# BRIEF:
Transcribe only the lines of the listing below from the one holding "ハイトーンカラーとシースルー" through the one holding "634457108448 LP-SRR-011LE Various", inclusive, without any change.

# DATA SUPPLIED:

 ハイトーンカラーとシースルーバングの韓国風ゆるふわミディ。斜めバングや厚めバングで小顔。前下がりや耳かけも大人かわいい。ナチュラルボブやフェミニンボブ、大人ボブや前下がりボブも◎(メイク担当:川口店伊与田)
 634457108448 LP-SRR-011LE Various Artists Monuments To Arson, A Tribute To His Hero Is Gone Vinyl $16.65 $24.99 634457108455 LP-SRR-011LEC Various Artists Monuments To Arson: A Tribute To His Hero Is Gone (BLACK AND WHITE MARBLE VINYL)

--

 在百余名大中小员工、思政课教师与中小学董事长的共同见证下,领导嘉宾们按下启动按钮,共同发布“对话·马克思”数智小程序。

* * *

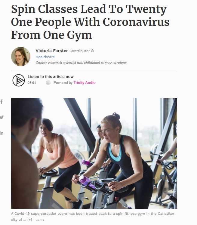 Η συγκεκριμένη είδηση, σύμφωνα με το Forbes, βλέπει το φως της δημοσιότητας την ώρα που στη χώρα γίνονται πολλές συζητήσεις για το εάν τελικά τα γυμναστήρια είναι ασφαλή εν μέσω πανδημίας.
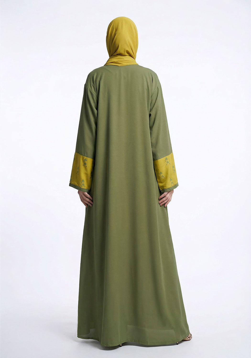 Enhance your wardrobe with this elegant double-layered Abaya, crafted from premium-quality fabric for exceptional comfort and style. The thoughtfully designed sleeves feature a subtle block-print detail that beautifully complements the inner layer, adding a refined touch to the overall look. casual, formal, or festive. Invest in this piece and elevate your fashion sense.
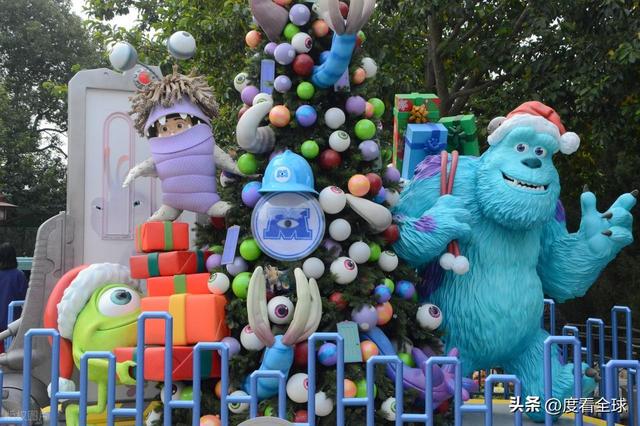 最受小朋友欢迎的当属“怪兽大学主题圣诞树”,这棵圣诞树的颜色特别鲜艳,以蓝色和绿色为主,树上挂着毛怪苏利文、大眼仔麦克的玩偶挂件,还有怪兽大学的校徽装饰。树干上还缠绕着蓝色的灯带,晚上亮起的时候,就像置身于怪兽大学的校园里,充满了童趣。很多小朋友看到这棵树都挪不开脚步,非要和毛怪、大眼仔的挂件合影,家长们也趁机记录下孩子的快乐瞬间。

# ANSWER SECTION:
 ハイトーンカラーとシースルーバングの韓国風ゆるふわミディ。斜めバングや厚めバングで小顔。前下がりや耳かけも大人かわいい。ナチュラルボブやフェミニンボブ、大人ボブや前下がりボブも◎(メイク担当:川口店伊与田)
 634457108448 LP-SRR-011LE Various Artists Monuments To Arson, A Tribute To His Hero Is Gone Vinyl $16.65 $24.99 634457108455 LP-SRR-011LEC Various Artists Monuments To Arson: A Tribute To His Hero Is Gone (BLACK AND WHITE MARBLE VINYL)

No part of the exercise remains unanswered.